> [Given data]:

((

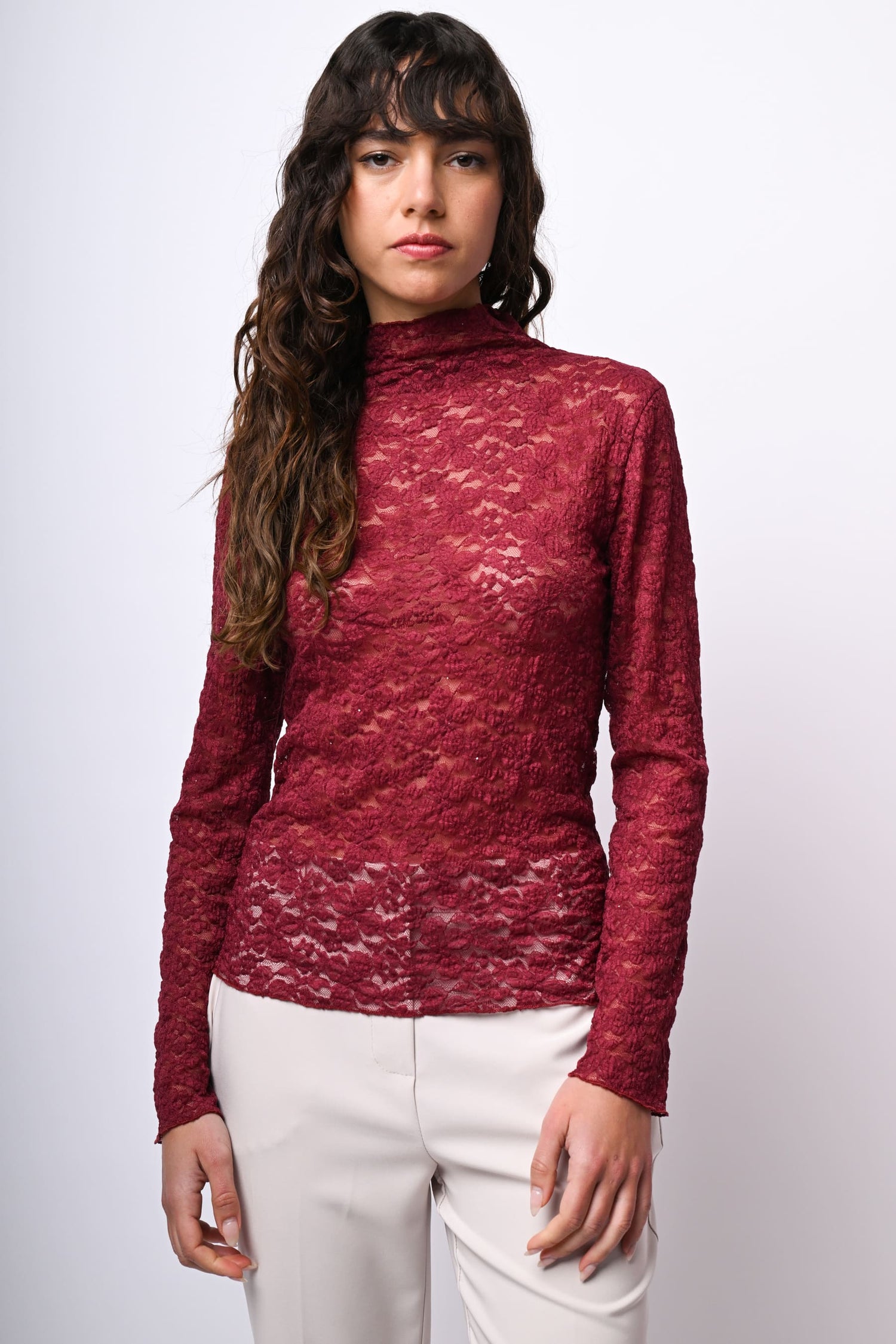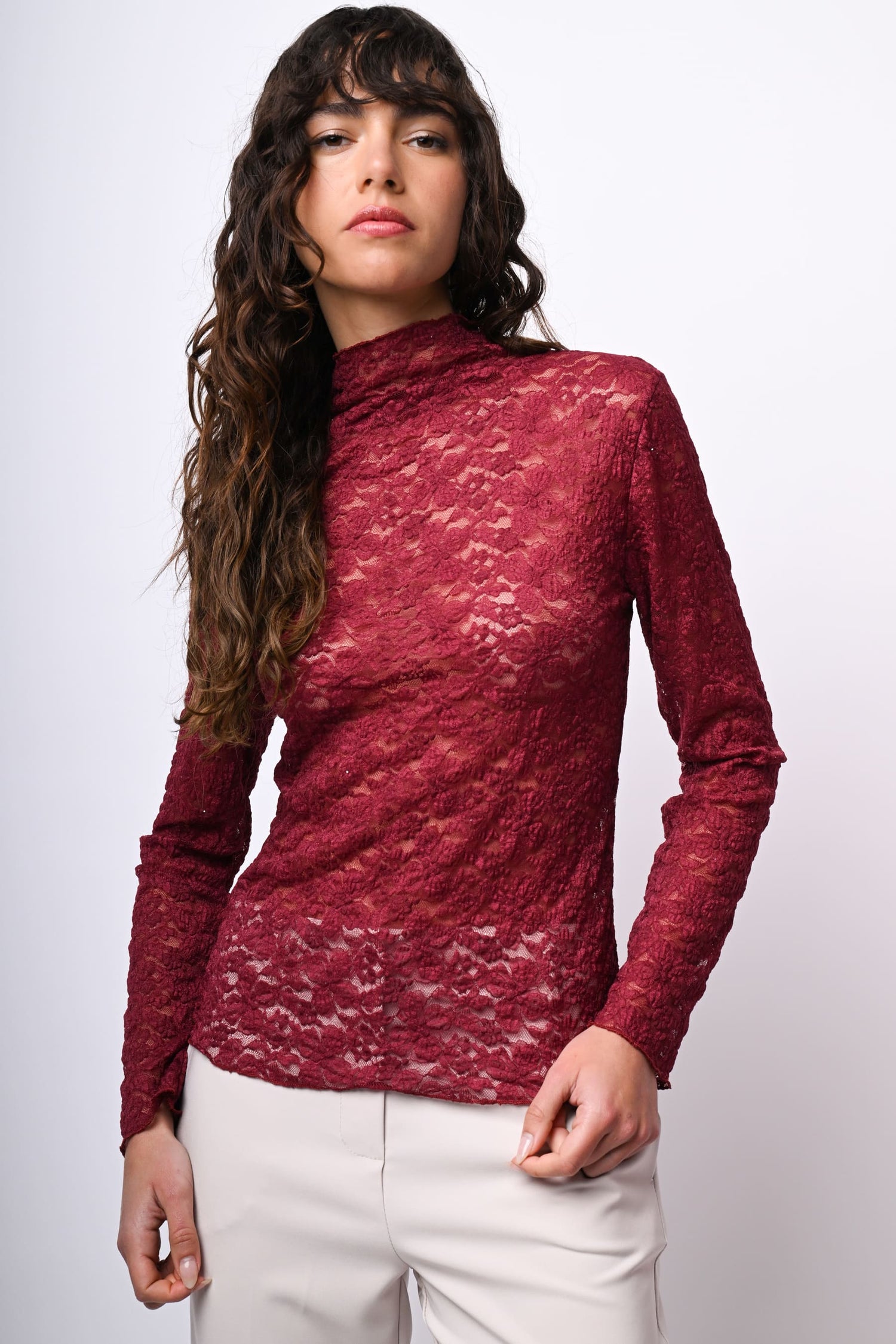 Top a maniche lunghe in pizzo floreale bordeaux leggermente trasparente con scollo a cratere e silhouette aderente.
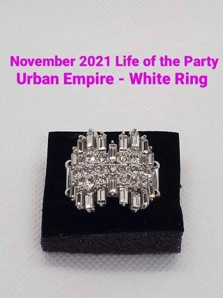 Staggered rows of emerald cut rhinestones flare out from the top and bottom of an explosion of classic white rhinestones, creating a smoldering statement piece atop the finger. Features a stretchy band for a flexible fit.
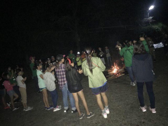 夕食の後は、昨日できなかった「キャンプファイヤー」を楽しみました。
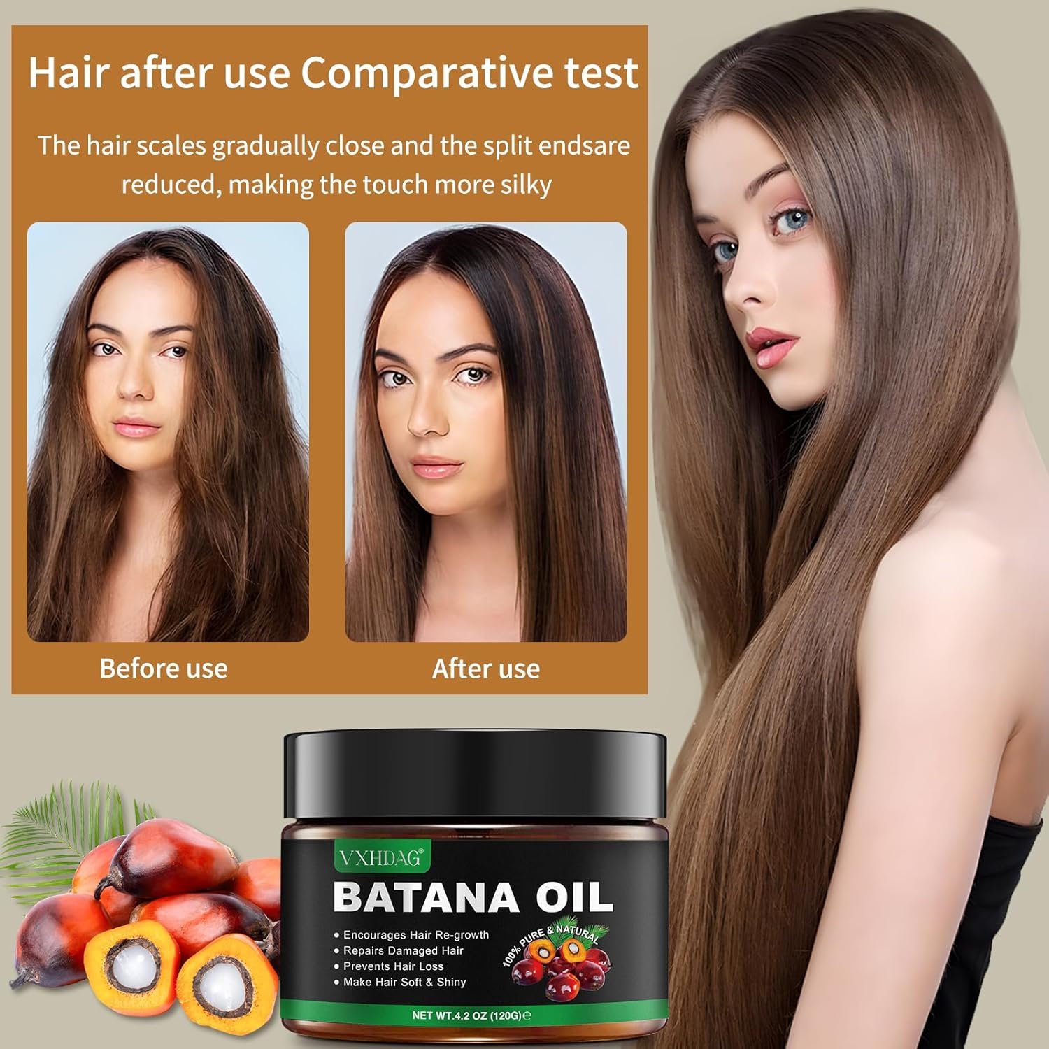 STIMULATES HAIR GROWTH: Batana oil is rich Rich in Essential Fatty Acids, Antioxidants, Vitamin E, Oleic Acid, Linoleic Acid and Oleanolic Acid. No other product offers all the same nutrients and benefits in one single oil as Batana does

))

> [Your task]:
Please print, exactly as given, the lines running from the beginning of the listing through the line containing "夕食の後は、昨日できなかった「キャンプファイヤー」を楽しみました。", omitting each picture.

> [Written answer]:
 Top a maniche lunghe in pizzo floreale bordeaux leggermente trasparente con scollo a cratere e silhouette aderente.
 Staggered rows of emerald cut rhinestones flare out from the top and bottom of an explosion of classic white rhinestones, creating a smoldering statement piece atop the finger. Features a stretchy band for a flexible fit.
 夕食の後は、昨日できなかった「キャンプファイヤー」を楽しみました。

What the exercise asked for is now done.